ALICE: Impossible. That’s a logical contradiction. ‘Commitment’ means ‘dedicated to only one person.’ You can’t be dedicated to two people any more than you can divide a circle into three halves.

This same sort of reasoning can cause problems in communication when one person’s words or ideas superficially resemble, but aren’t the same as, a different set of words or ideas that the listener has already formed an opinion about; what’ll happen is that the listener will assume that the words he’s hearing carry the same meaning as the words he’s already heard, and react as if they had the same meaning, when in fact they don’t.

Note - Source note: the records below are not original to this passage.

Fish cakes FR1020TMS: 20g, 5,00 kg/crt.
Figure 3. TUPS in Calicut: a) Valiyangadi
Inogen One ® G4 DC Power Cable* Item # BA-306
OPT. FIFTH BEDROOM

ALICE: Jealousy is an internal emotional state. A person why says ‘I am jealous’ is making a statement about an internal feeling; you can not necessarily draw any conclusions about that person’s circumstance just from that statement.
BOB: That’s bullshit! Jealousy is not always caused by internal feelings; sometimes, a person might feel jealous because of something their partner has done. You’re just trying to dodge responsibility for your actions, that’s all.
ALICE: I didn’t say anything about the causes of jealousy.
BOB: Yes you did! You’re just repeating that tired old line that jealousy is all in someone’s head and that person needs to just get over it already.

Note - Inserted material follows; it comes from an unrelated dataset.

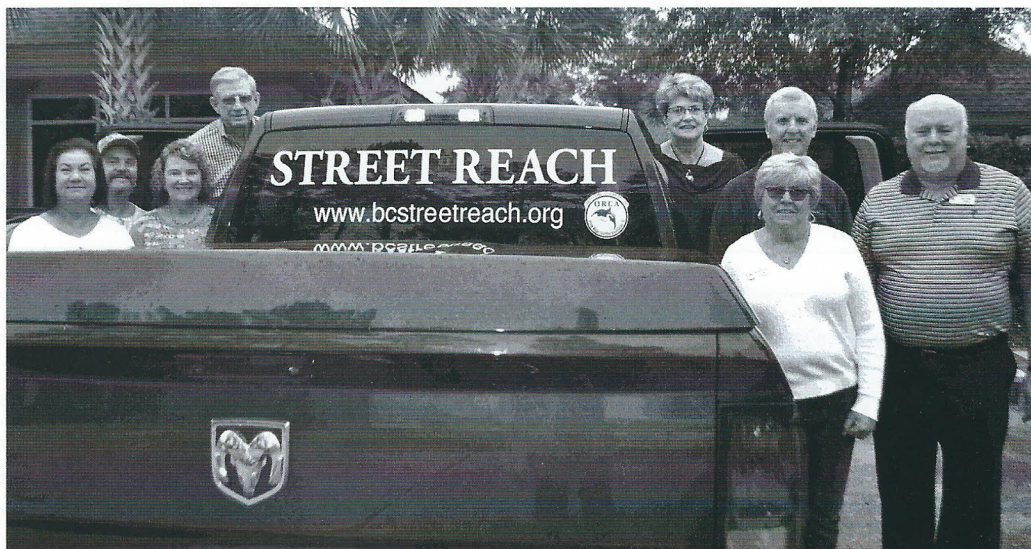
ORCA donated its $10,000 national MADD award to Streetreach to purchase a truck to transport the homeless.

Often, you’ll see several different forces at work screwing up communication at the same time. Witness, for example, the people who believe that Americans don’t have to pay tax. They point to the fact that the United States has a “voluntary” tax system, erroneously thinking that “voluntary” means “something you don’t have to do;” in the specific legal sense, “voluntary” means “you volunteer information to the government about the amount of tax you owe” (meaning that you make the calculations, then send the IRS the result of those calculations; in a non-voluntary system, the government calculates how much tax you owe, and sends you a bill). Furthermore, they’re heavily emotionally–and financially–invested in the flawed understanding.

On the whole, I’m not entirely convinced communication ever really works at all, and I’m beginning to have my doubts about language.